This position is an in-office role based in Phoenix, Arizona. It is the primary stakeholder responsible for formulating, implementing, and operationally supporting cybersecurity policies and procedures to protect the company from external and internal threats. The Director, Information Security will develop and implement Information Security and Disaster Recovery programs to minimize risk and exposure. This includes creating new concepts, methods, and strategies that drive continuous improvements in the company's security posture. The role requires hands-on leadership in planning, developing, and implementing Information Security frameworks, methodologies, policies, standards, and procedures related to operational risk management and IT audit processes.
The successful candidate will actively monitor the security environment, identify potential threats, and respond to intrusion attempts to defend against cyber risks. Alongside technical requirements, the Director will also communicate effectively with various stakeholders, identify improvement areas, and work closely with cross-functional teams to orchestrate mitigation plans.

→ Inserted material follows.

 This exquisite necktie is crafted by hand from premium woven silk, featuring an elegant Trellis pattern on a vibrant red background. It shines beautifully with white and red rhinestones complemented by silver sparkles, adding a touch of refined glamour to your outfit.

This position will serve as the primary contact for all SOX IT Audit activities, coordinating with Internal Audit, external auditors, IT, and business units to identify and address potential SOX gaps or deficiencies.

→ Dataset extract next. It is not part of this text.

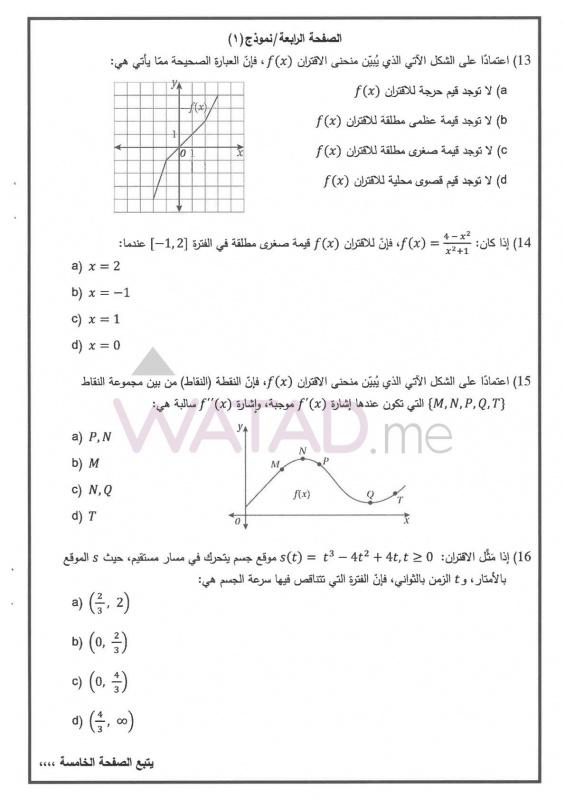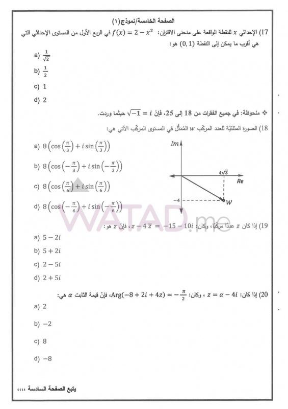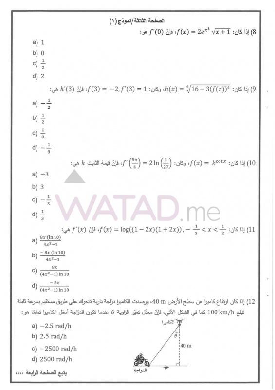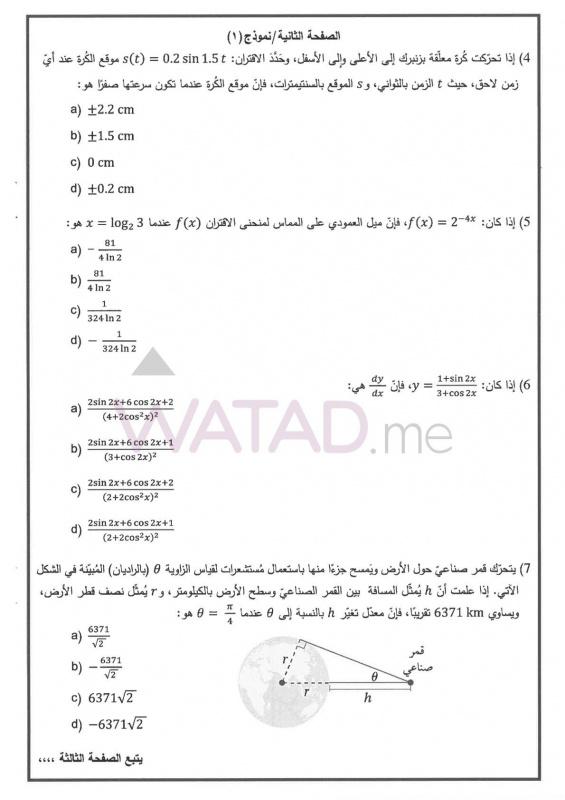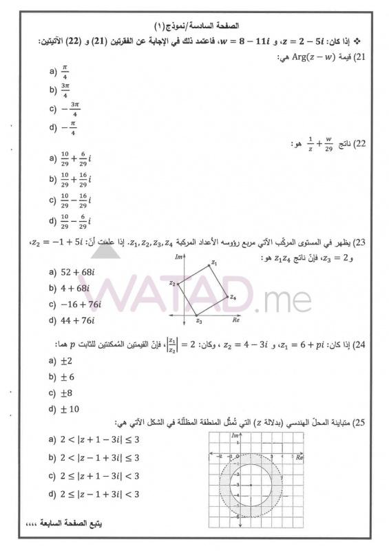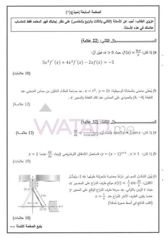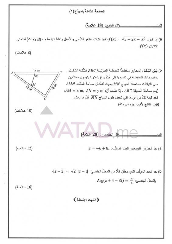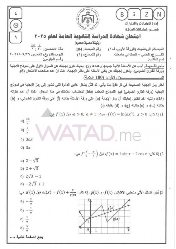 إجابة حل أسئلة امتحان الرياضيات الورقة الأولى 1 للثانوية العامة توجيهي الأردن 2025 الفرع العلمي

ESSENTIAL DUTIES & RESPONSIBILITIES
Lead and coordinate the development of the Information Security improvement plan, identifying strategic goals and paths to achieve them.
Cultivate and maintain stakeholder relationships across the organization, identifying cybersecurity threats and establishing remediation activities.
Manage the SOX and IT Audit process, particularly in a public company environment, to address gap remediation and foster long-term improvements in systems/applications.
Collaborate with senior management and business units to assess and support organizational risk mitigation needs through strategic and quality review solutions.
Evaluate past InfoSec assessments, develop corrective action plans, integrate roadmap solutions, and regularly report on recommendations.
Partner with the business to measure and assess the success of risk programs, ensuring adherence to information security frameworks, policies, and best practices.
Stay current on regulatory compliance standards, security trends, and best practices, and integrate these standards with minimal impact on business operations.
Implement Disaster Recovery (DR) and Business Continuity Planning (BCP) improvements for critical applications and platforms.
In collaboration with the Chief Information Officer (CIO), oversee partner/vendor contracts, negotiations, and SLA adherence.
MINIMUM QUALIFICATIONS
Bachelor's degree in a technical or business field preferred; Master's degree or MBA is a plus.
Current cybersecurity certifications (e.g., CISSP, CISM, CISA) indicating knowledge of security frameworks and best practices.
15+ years of experience in Information Security, with 8+ years in a leadership role, preferably in a public company environment.
Proven ability to communicate effectively with technical and non-technical stakeholders across various business units.
Experience in Security Operations (e.g., AV/Malware, SIEM, DLP, patch management) with a focus on consistent SLA performance.
Proficiency in log collection and analysis for investigations.
Skilled in developing InfoSec dashboards and metrics environments to identify gaps and improvements.
Recent experience in incident and crisis response implementation across multiple business units.
Strong background in risk evaluation and management.
Demonstrated knowledge of data security and compliance controls.
Ability to present a strategic vision aligning with corporate objectives, inspiring teams across the organization.
Excellent verbal and written communication skills, with the ability to present Security metrics to executive and business leaders; Board exposure is a plus.
Ability to travel up to 20%.
Work Environment: This position requires full-time, on-site presence in the Phoenix office. Remote work or telecommuting options are not available for this role.